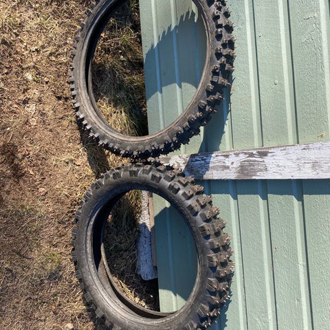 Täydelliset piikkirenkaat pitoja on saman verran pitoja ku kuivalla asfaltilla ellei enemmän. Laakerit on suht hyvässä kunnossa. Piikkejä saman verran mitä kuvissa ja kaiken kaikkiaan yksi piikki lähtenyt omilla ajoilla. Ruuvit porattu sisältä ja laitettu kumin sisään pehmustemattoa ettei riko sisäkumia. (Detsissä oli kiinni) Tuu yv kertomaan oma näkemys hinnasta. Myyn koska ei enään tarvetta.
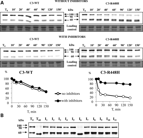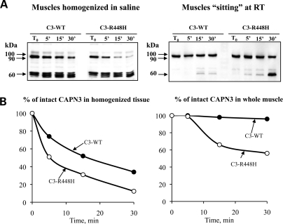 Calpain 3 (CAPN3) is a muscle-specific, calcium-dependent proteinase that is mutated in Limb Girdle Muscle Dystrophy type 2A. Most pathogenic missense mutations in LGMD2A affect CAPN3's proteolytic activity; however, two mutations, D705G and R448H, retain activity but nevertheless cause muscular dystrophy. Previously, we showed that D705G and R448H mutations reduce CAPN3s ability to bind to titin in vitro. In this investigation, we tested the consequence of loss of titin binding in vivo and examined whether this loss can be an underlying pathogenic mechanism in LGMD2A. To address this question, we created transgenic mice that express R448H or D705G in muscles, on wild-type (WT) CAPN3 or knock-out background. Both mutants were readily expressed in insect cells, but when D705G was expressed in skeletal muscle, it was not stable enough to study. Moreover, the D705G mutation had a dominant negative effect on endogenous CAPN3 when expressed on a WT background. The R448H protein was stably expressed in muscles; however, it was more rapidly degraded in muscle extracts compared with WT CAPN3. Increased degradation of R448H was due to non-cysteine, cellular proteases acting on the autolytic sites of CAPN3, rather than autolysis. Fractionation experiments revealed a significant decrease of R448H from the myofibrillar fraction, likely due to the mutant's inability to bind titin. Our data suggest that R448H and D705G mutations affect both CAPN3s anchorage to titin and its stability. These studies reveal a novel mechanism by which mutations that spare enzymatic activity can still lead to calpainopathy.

==

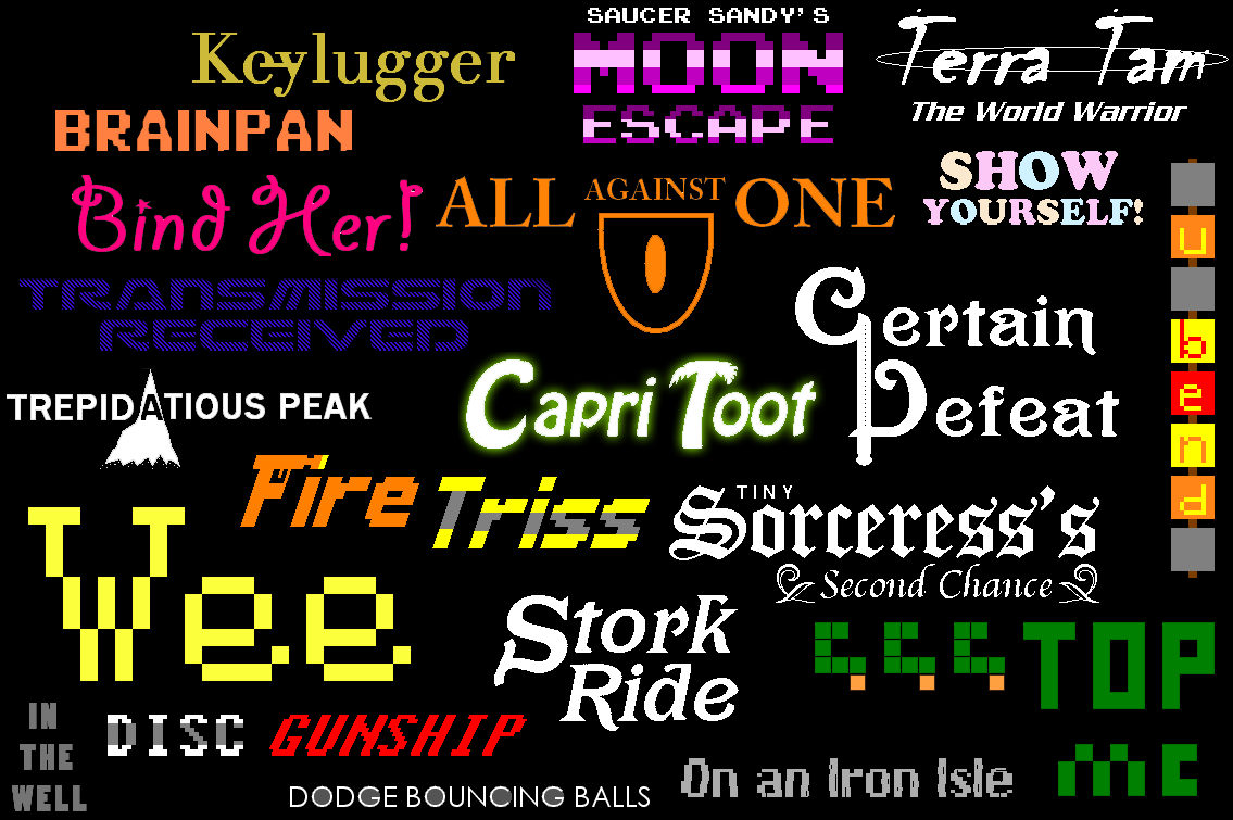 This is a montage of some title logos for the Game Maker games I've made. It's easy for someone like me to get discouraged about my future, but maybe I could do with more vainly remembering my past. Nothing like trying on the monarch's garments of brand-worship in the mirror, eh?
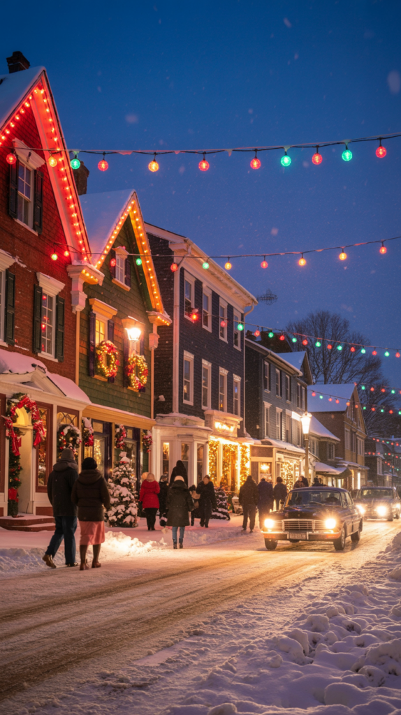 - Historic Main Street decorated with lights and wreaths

---

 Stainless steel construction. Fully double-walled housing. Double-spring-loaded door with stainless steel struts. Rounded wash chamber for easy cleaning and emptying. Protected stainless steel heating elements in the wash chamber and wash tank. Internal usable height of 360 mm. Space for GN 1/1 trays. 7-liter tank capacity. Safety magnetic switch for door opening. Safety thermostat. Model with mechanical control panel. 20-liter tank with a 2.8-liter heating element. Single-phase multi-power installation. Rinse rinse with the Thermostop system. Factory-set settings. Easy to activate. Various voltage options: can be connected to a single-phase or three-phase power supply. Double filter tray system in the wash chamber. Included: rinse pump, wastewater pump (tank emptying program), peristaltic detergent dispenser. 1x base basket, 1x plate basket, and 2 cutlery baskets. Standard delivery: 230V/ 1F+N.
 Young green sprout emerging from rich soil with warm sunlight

* _The task_:
Look above for the line holding "Stainless steel construction." and the line holding "Young green sprout". Retype both, and every line between them, word for word and nothing else.

* _Exercise result_:
 Stainless steel construction. Fully double-walled housing. Double-spring-loaded door with stainless steel struts. Rounded wash chamber for easy cleaning and emptying. Protected stainless steel heating elements in the wash chamber and wash tank. Internal usable height of 360 mm. Space for GN 1/1 trays. 7-liter tank capacity. Safety magnetic switch for door opening. Safety thermostat. Model with mechanical control panel. 20-liter tank with a 2.8-liter heating element. Single-phase multi-power installation. Rinse rinse with the Thermostop system. Factory-set settings. Easy to activate. Various voltage options: can be connected to a single-phase or three-phase power supply. Double filter tray system in the wash chamber. Included: rinse pump, wastewater pump (tank emptying program), peristaltic detergent dispenser. 1x base basket, 1x plate basket, and 2 cutlery baskets. Standard delivery: 230V/ 1F+N.
 Young green sprout emerging from rich soil with warm sunlight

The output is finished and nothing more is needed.